Navarro le miró un instante sin comprender, luego se levantó lentamente y poco a poco la cara se le fue congestionando. Maestre apenas tuvo tiempo de lanzar el brazo hacia adelante cuando Navarro intentó golpearle con el puño cerrado. Fue sólo una fracción de segundo, pero suficiente. Navarro sintió un doloroso golpe en el antebrazo y todo el cuerpo se le fue hacia atrás sin conseguir llegar a la cara de Maestre, luego un violento golpe, con la palma de la mano en el pecho casi le dejó sin respiración. Antes de que rodara por el suelo, Maestre le sujetó por las solapas sin poder evitar que las botellas y los vasos de la mesa salieran volando. Aún en tan mala posición, Navarro intentó golpearle de nuevo, pero esta vez Maestre sólo tuvo que soltarle para que Navarro fuera a parar al suelo llevándose por delante una preciosa silla de madera oscura.

—Lo siento —dijo Maestre a los asombrados clientes con su mejor cara de inocencia—, es que mi amigo es epiléptico. Le ocurren estas cosas.

Entre un camarero y Maestre ayudaron a levantarse a Navarro, algo aturdido por el golpe. Unas disculpas, unos billetes sobre la mesa y luego ambos salieron rápidamente del local.

—Desde luego ya podemos cambiar de bar —dijo Maestre al volante de su coche.

El tráfico de la Castellana era escaso y en pocos minutos habían cruzado la avenida de Pio XII. Navarro se había dejado caer en el asiento, tratando todavía de recuperar el aliento, más avergonzado que dolido.

—Lo sabía —dijo todavía semiaturdido.

—¿Qué sabías?

—Que no podría contigo.

—¿Estás bien?

—Me has aporreado.

—Lo siento.

—Yo sí lo siento.

—Lo que te he dicho es verdad —dijo Maestre tras un minuto.

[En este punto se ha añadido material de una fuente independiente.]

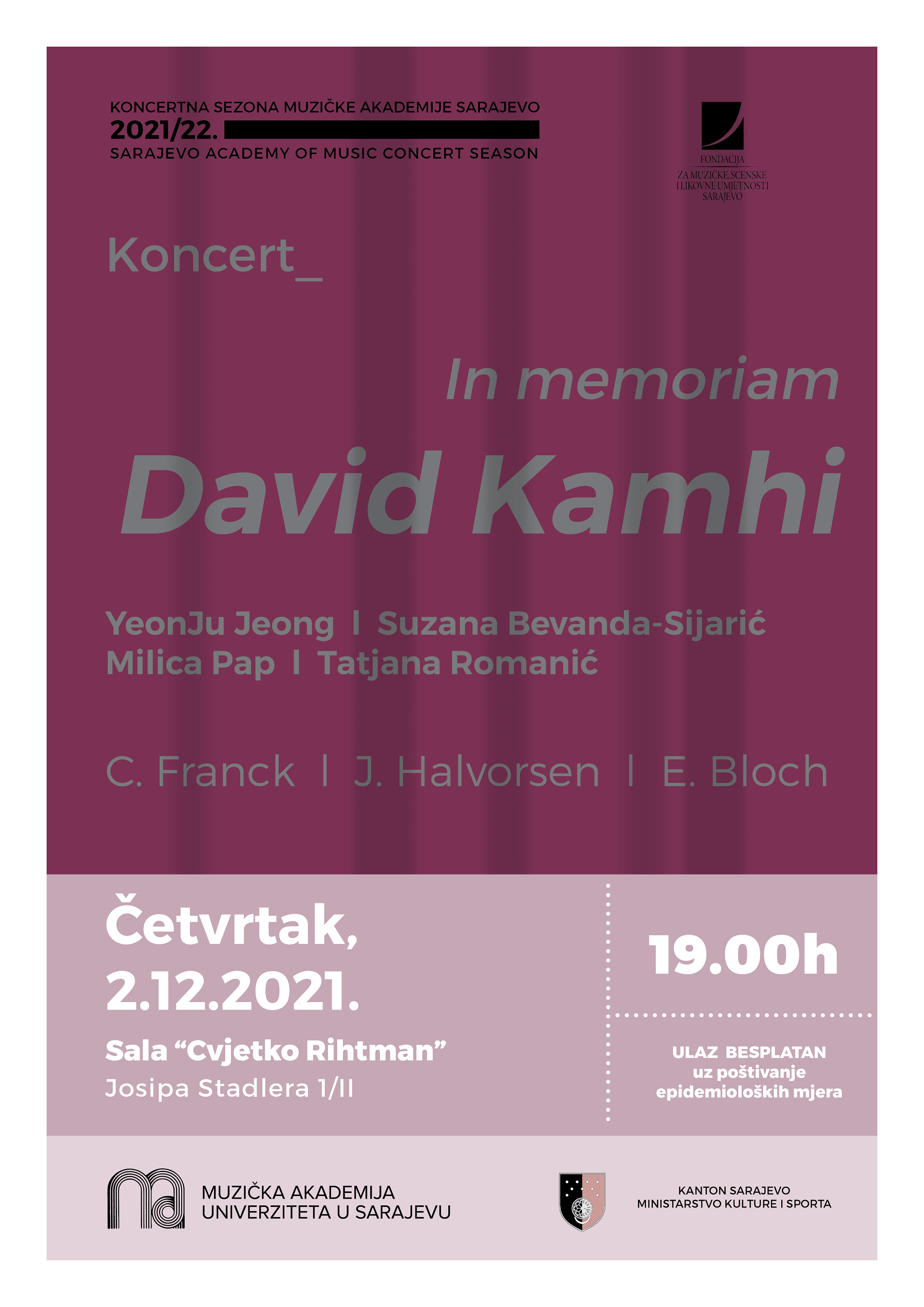 Muzička akademija Univerziteta u Sarajevu će prirediti koncert u znak sjećanja na istaknutog člana Jevrejske zajednice u Bosni i Hercegovini, violinistu i profesora Davida Kamhija (1936-2021), koji je ostao upamćen po svom neumornom pedagoškom, umjetničkom i društvenom angažmanu. Tim povodom nastupit će violinistica YeonJu Jeong, violistica Tatjana Romanić, te pijanistice Suzana Bevanda-Sijarić i Milica Pap. Ovaj događaj će biti održan u četvrtak, 2. decembra 2021. godine u 19 sati, u Koncertnoj sali “Cvjetko Rihtman”.
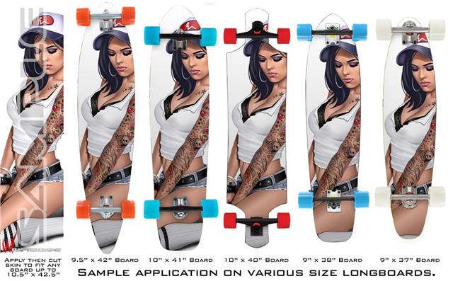 Our longboard skins are made so that one size fits boards up to 10” wide x 42” long. This means after applying the skin it you will trimming to fit you’re the shape of your board with a sharp utility knife.
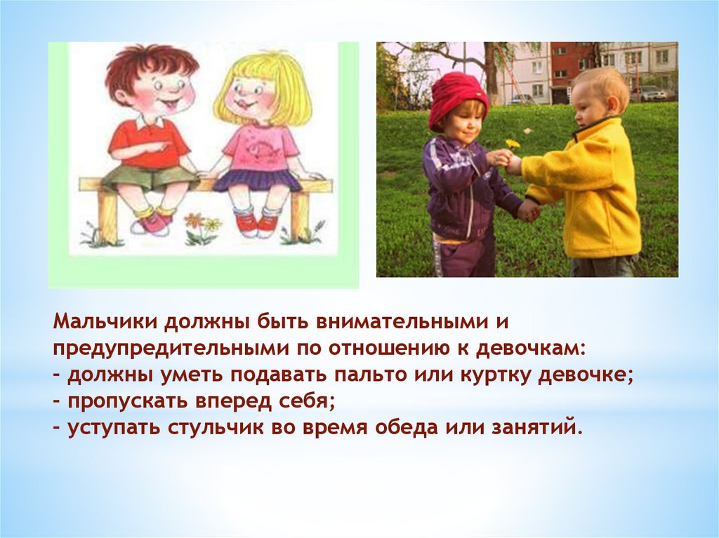 Мальчики должны быть внимательными ипредупредительными по отношению к девочкам:
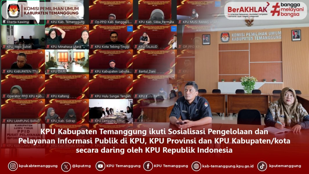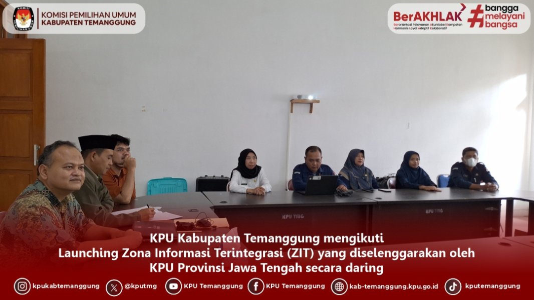 TEMANGGUNG - KPU Kabupaten Temanggung mengikuti Launching Zona Informasi Terintegrasi (ZIT) yang diselenggarakan oleh KPU Provinsi Jawa Tengah secara daring pada Selasa, (1/7/2025) ZIT merupakan layanan informasi terintegrasi yang meliputi Pejabat Pengelola Informasi dan Dokumentasi (PPID), Jaringan Dokumentasi dan Informasi Hukum (JDIH), dan Badan Koordinasi Kehumasan (Bakohumas). ZIT juga dapat difungsikan sebagai Ruangan Telekonferensi dan Ruangan Konsultasi bagi warga yang membutuhkan informasi Kepemiluan di KPU Provinsi Jawa Tengah Anggota KPU RI Iffa Rosita yang berkesempatan hadir secara daring, mengapresiasi inovasi yang diinisiasi oleh KPU Provinsi Jawa Tengah dalam meningkatkan kualitas layanan informasi publik. Iffa berpesan agar slogan yang dibangun oleh KPU Provinsi Jawa Tengah, yakni “Pimpinan sebagai role model mewujudkan zona integritas” bukan hanya menjadi slogan semata, tapi diwujudkan dengan kerja-kerja nyata #Temanggung #kputemanggung #kpumelayani #ZIT #KPUjateng
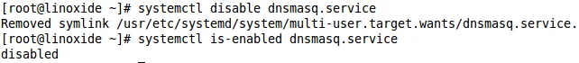 [root@linoxide ~]# systemctl disable dnsmasq.service
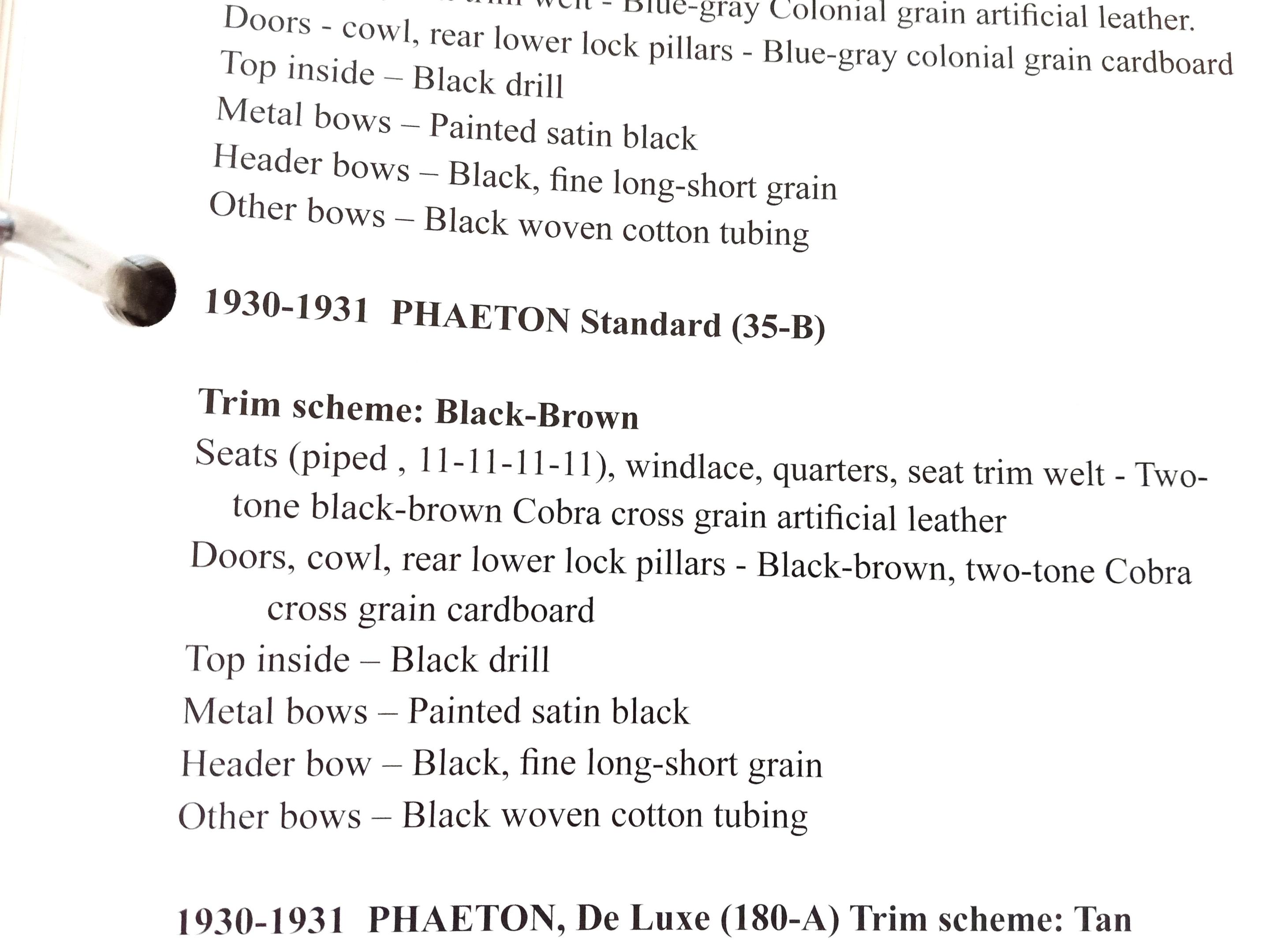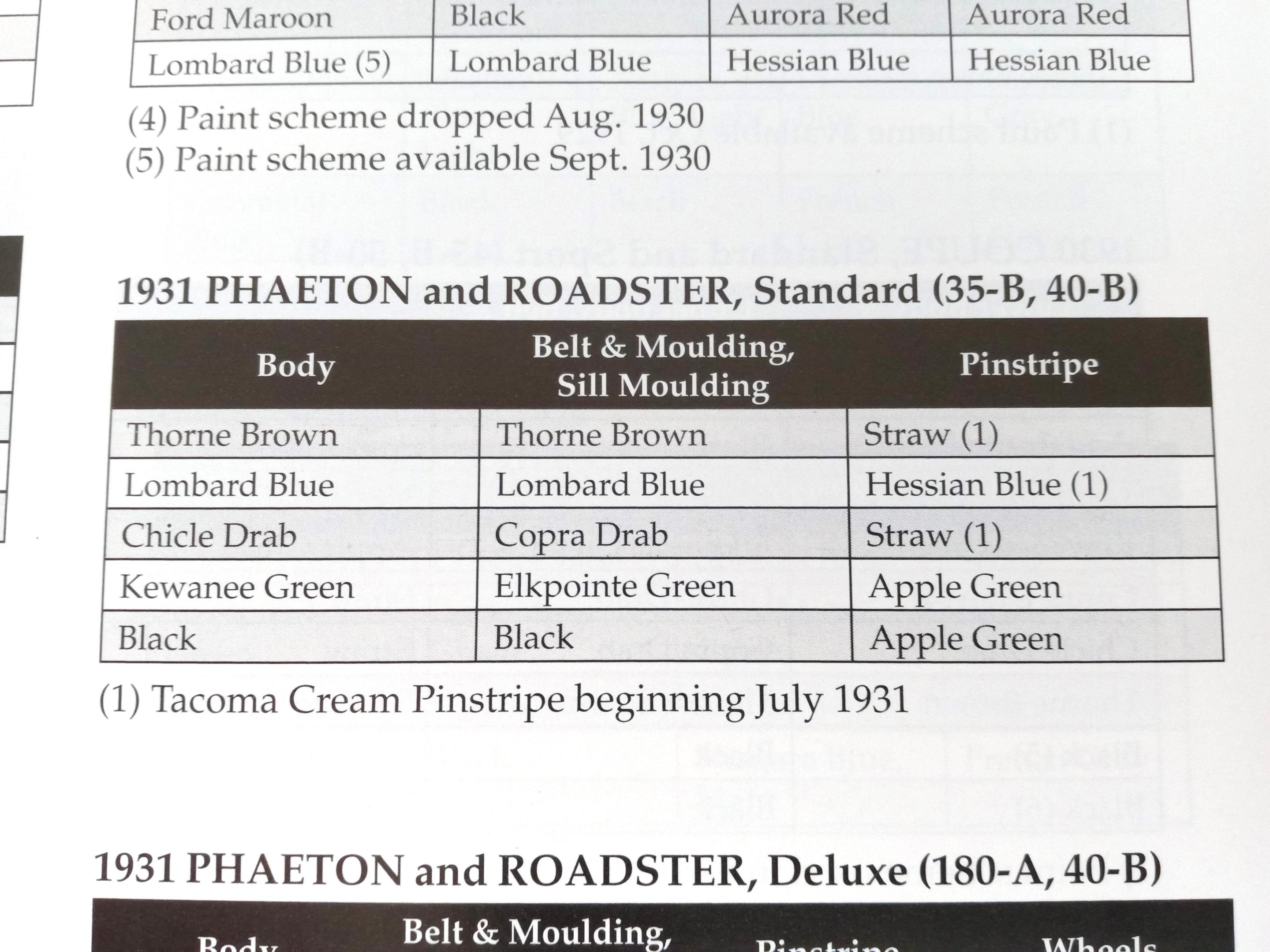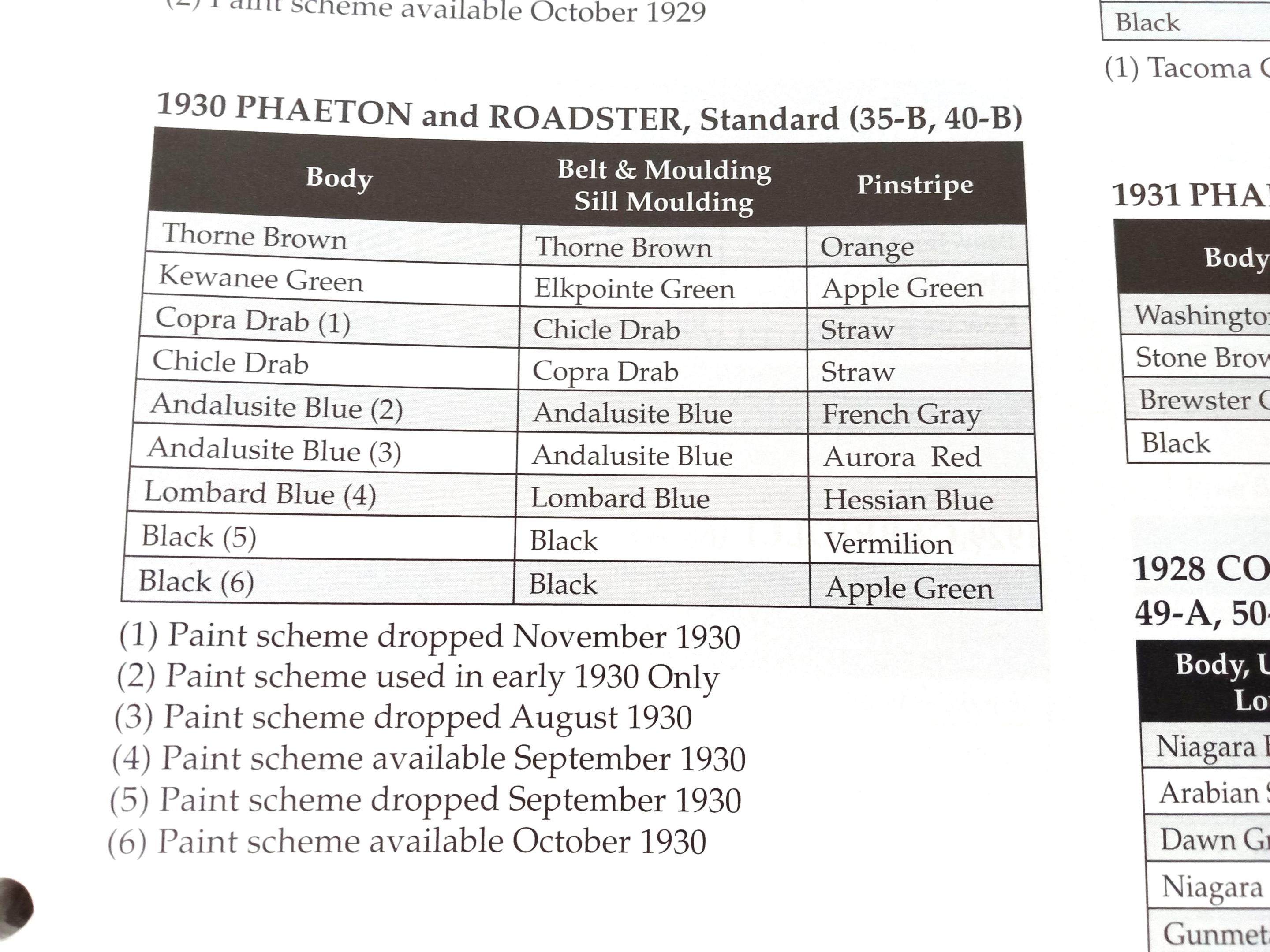 Since I had this laying on my desk already, thought I'd post the color schemes available for the 1930-31 Standard Phaeton for those interested. The Standards is a thick compendium that tells you anything you want to know about Model A & AA's.
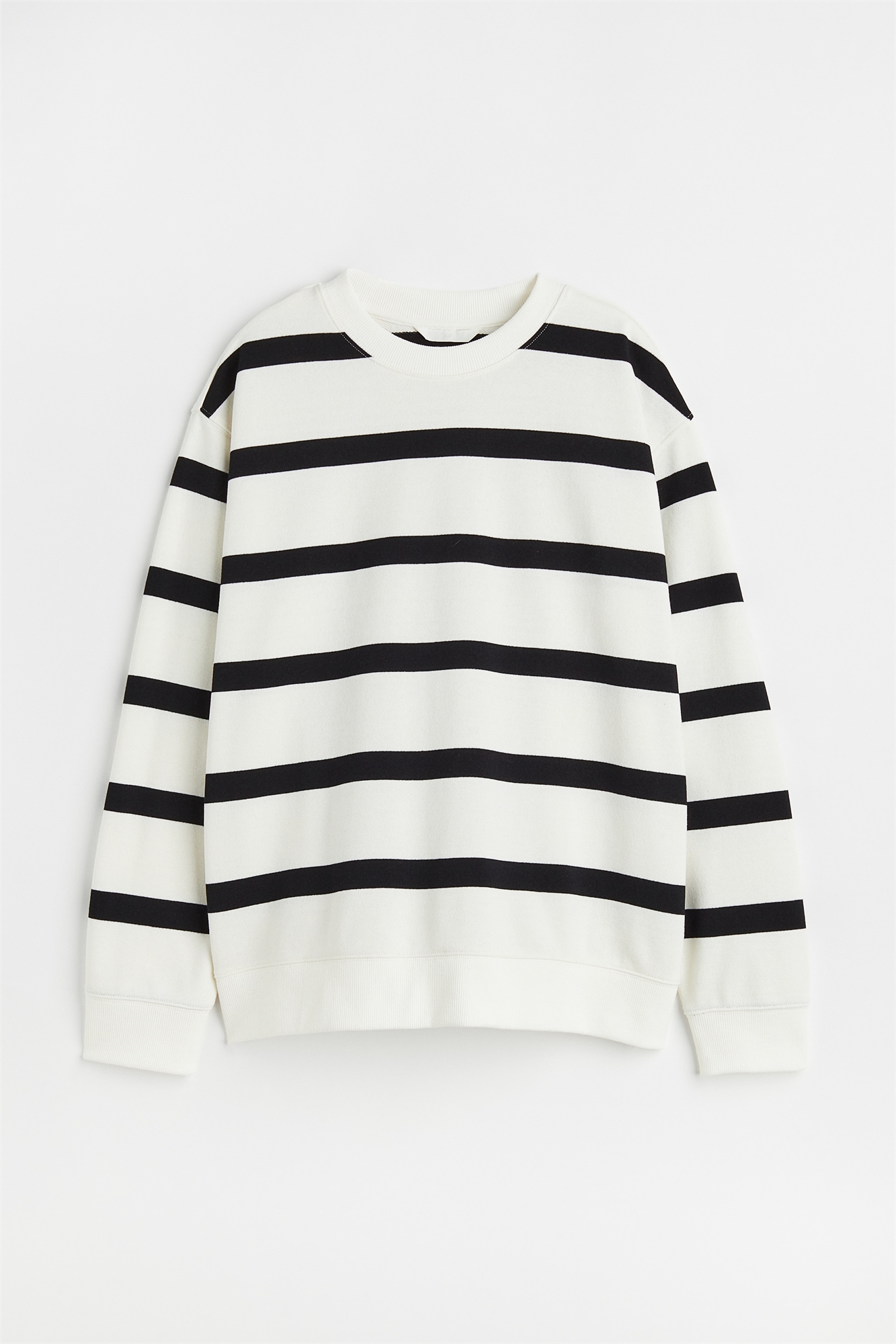 Топ из легкой толстовки из смеси хлопка с круглым вырезом, спущенными плечами и длинными рукавами. Окантовка по вырезу, манжетам и подолу.

—Lo sé, pero me apetecía intentarlo. Hace días que te tenía ganas. Lo de Iñaki, en realidad no me sorprende. ¿Qué le pasa?

—Un cáncer de estómago. —Maestre le contó cómo Iñaki se había confiado a él y le añadió sus propias pesquisas sobre la gravedad de la enfermedad.

—Eso es lo que hay —concluyó Maestre.

—¿Y por qué me lo cuentas?

—Quiero que se lo digas a tu amiga. Si ella lo sabe accederá a irse con él y si ella se va, él se irá también. Quiero salvarle la vida.

—Eres un cabrón. ¿No puedes hacer las cosas por nada?

—No.

—Me lo temía. O sea que me estás pidiendo que eche en sus brazos a la mujer que quiero para que se salve tu confidente y que se vayan los dos juntos. Que sean felices y coman perdices.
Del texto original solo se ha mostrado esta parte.